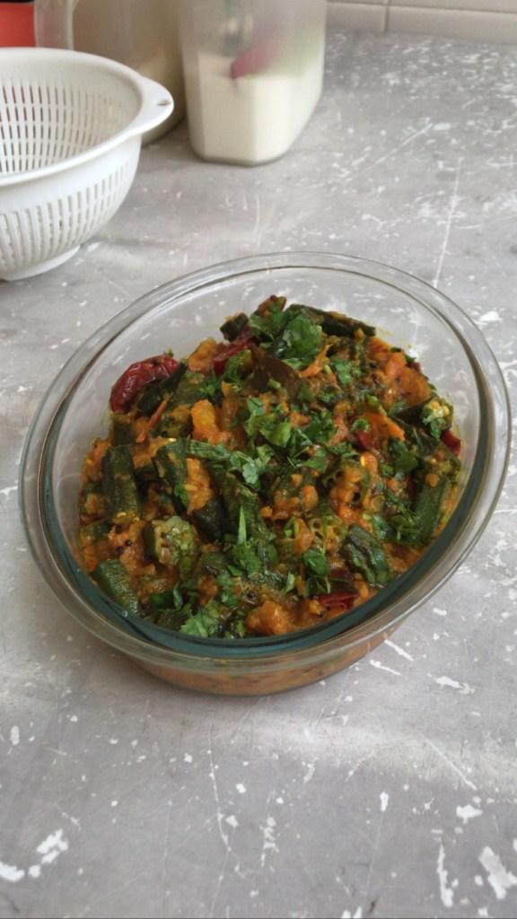 - Turn off the heat and throw in your chopped coriander. Give everything a mix and let the bendi masala sit for about 5 minutes before serving.
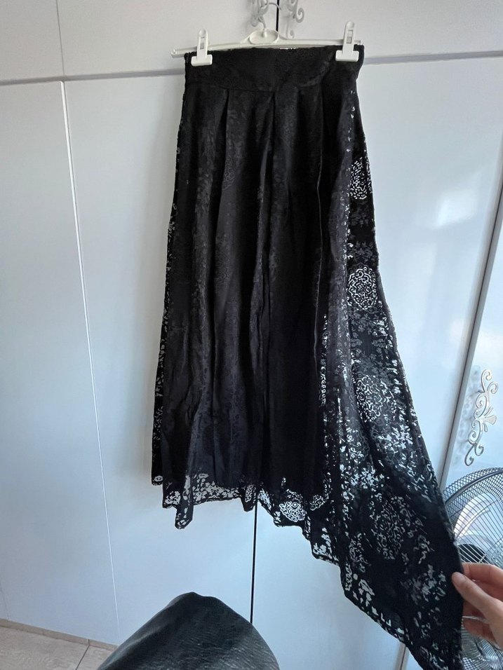 Siyah renkli, tül kumaştan yapılmış bol kesim uzun etek. 38 bedene uygun sıfır ürün etiketi yok sadece denerken zincirin yan kısmında ufak bir deforme oluştu kullanıma engel değildir alana şimdiden hayırlı olsun
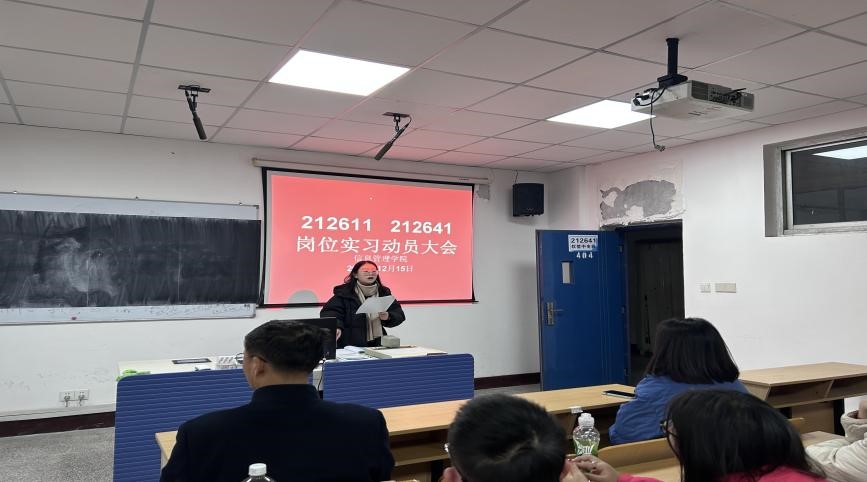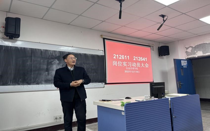 2023年12月15日上午,信息管理学院在正德楼404教室召开212611、212641班岗位实习动员大会。
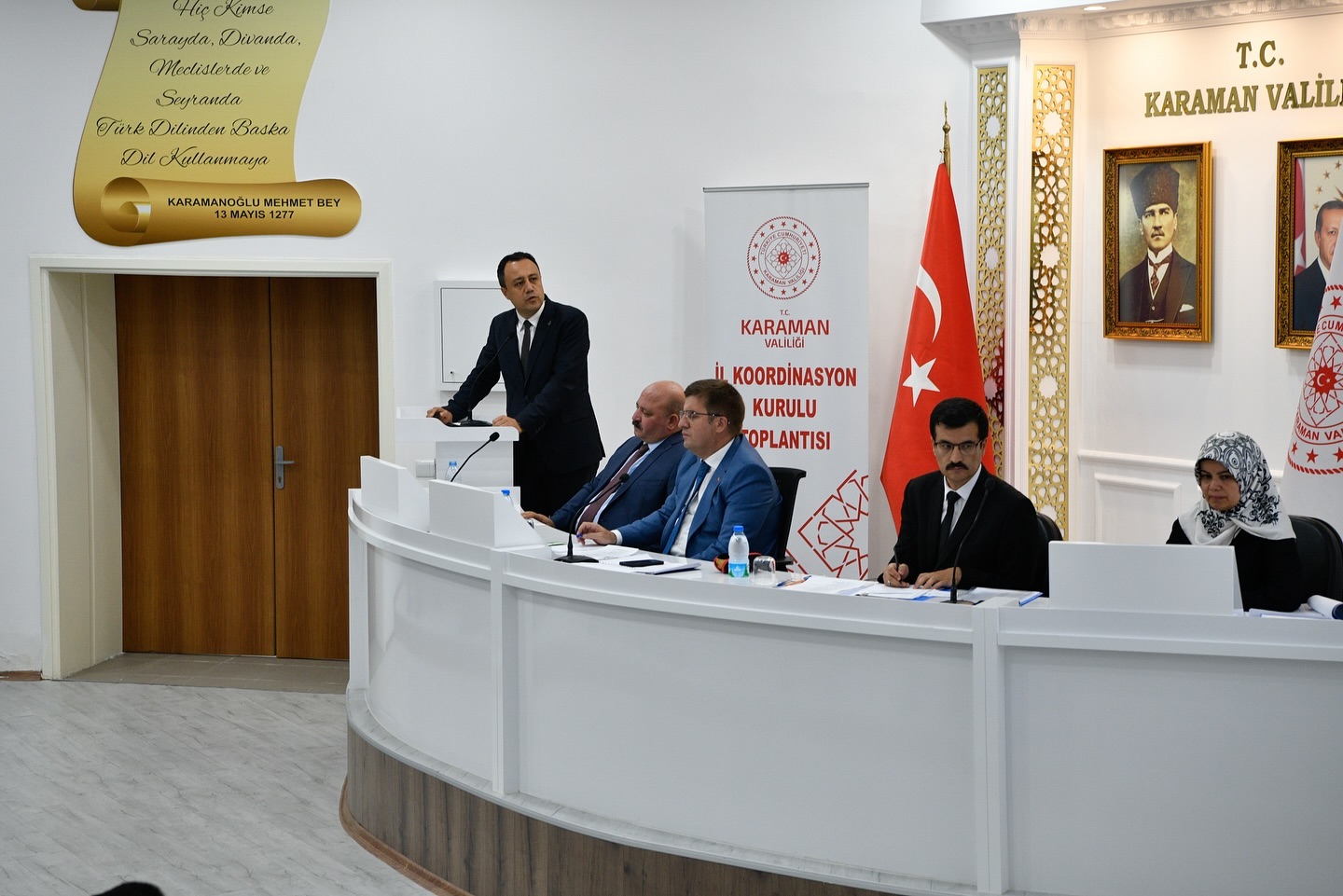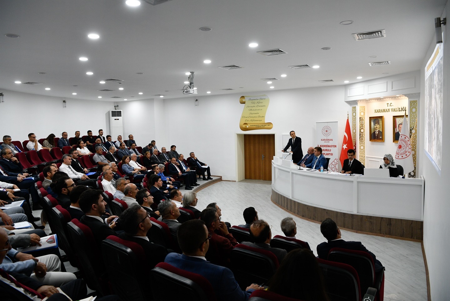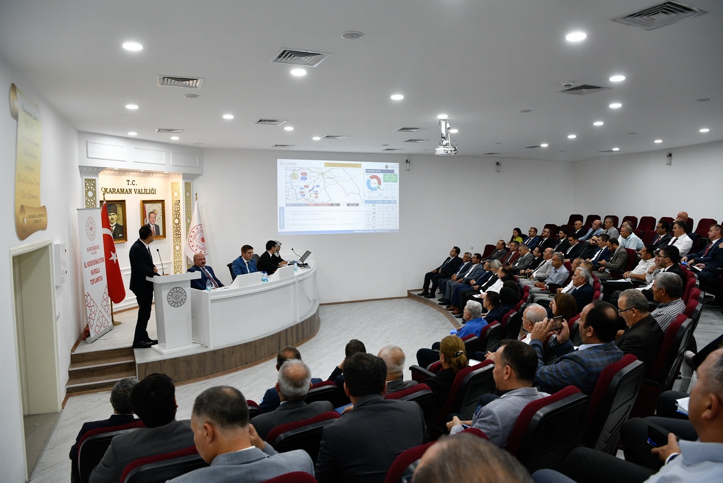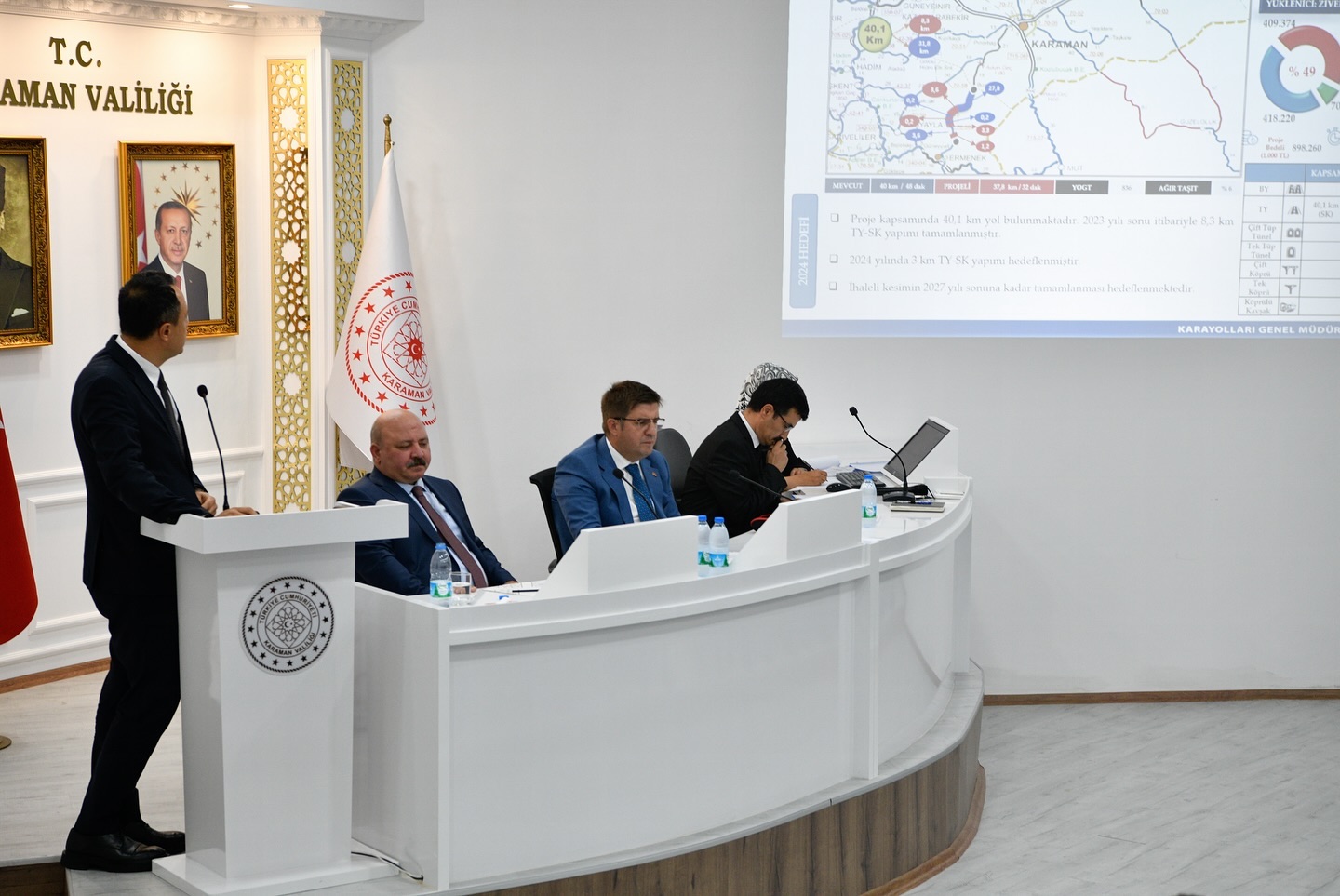 Kamu yatırımlarının il düzeyinde uygulanması, izlenmesi ve koordinasyonun sağlanması amacıyla düzenlenen 2024 yılının 3. İl Koordinasyon Kurulu Toplantısı, Vali H. Engin Sarıibrahim başkanlığında gerçekleştirildi.Karamanoğlu Mehmet Bey Toplantı salonunda yatırımcı kuruluşların temsilcilerinin katılımıyla gerçekleştirilen toplantının ilimiz için hayırlı olması dileklerinde bulunan Valimiz H.Engin Sarıibrahim, 2024’te 143 proje üzerinde çalışıldığını, 42 tanesinin tamamlandığını diğer projelerin ise devam ettiğini belirtti.Konuşmasının devamında 143 projenin toplam tutarının 28.2 milyar lira olduğunu belirten Valimiz H.Engin Sarıibrahim, “143 Projenin 57’si Bölge Müdürlüklerine, 36’sı İl Özel İdaresine, 24’ü İl Müdürlüklerine, 22’si belediyelere, 1’i Toplu Konut İdaresine ve 3’ü (İl Özel İdaresi İşbirliğinde) KOP idaresine aittir.” ifadelerini kullandı.Valimiz H. Engin Sarıibrahim’in konuşmasının ardından söz alan yatırımcı kuruluşların bölge temsilcileri ve kurum amirleri, 30 Haziran 2024 tarihi itibariyle il genelinde yatırımların gerçekleşme durumu ve devam eden projeler hakkında koordinasyon kurulu üyelerine bilgiler verdiler.

- - - - -

Exercise instructions: Word for word, quote the lines above. Omit the pictures.

Solution for this problem:
 - Turn off the heat and throw in your chopped coriander. Give everything a mix and let the bendi masala sit for about 5 minutes before serving.
 Siyah renkli, tül kumaştan yapılmış bol kesim uzun etek. 38 bedene uygun sıfır ürün etiketi yok sadece denerken zincirin yan kısmında ufak bir deforme oluştu kullanıma engel değildir alana şimdiden hayırlı olsun
 2023年12月15日上午,信息管理学院在正德楼404教室召开212611、212641班岗位实习动员大会。
 Kamu yatırımlarının il düzeyinde uygulanması, izlenmesi ve koordinasyonun sağlanması amacıyla düzenlenen 2024 yılının 3. İl Koordinasyon Kurulu Toplantısı, Vali H. Engin Sarıibrahim başkanlığında gerçekleştirildi.Karamanoğlu Mehmet Bey Toplantı salonunda yatırımcı kuruluşların temsilcilerinin katılımıyla gerçekleştirilen toplantının ilimiz için hayırlı olması dileklerinde bulunan Valimiz H.Engin Sarıibrahim, 2024’te 143 proje üzerinde çalışıldığını, 42 tanesinin tamamlandığını diğer projelerin ise devam ettiğini belirtti.Konuşmasının devamında 143 projenin toplam tutarının 28.2 milyar lira olduğunu belirten Valimiz H.Engin Sarıibrahim, “143 Projenin 57’si Bölge Müdürlüklerine, 36’sı İl Özel İdaresine, 24’ü İl Müdürlüklerine, 22’si belediyelere, 1’i Toplu Konut İdaresine ve 3’ü (İl Özel İdaresi İşbirliğinde) KOP idaresine aittir.” ifadelerini kullandı.Valimiz H. Engin Sarıibrahim’in konuşmasının ardından söz alan yatırımcı kuruluşların bölge temsilcileri ve kurum amirleri, 30 Haziran 2024 tarihi itibariyle il genelinde yatırımların gerçekleşme durumu ve devam eden projeler hakkında koordinasyon kurulu üyelerine bilgiler verdiler.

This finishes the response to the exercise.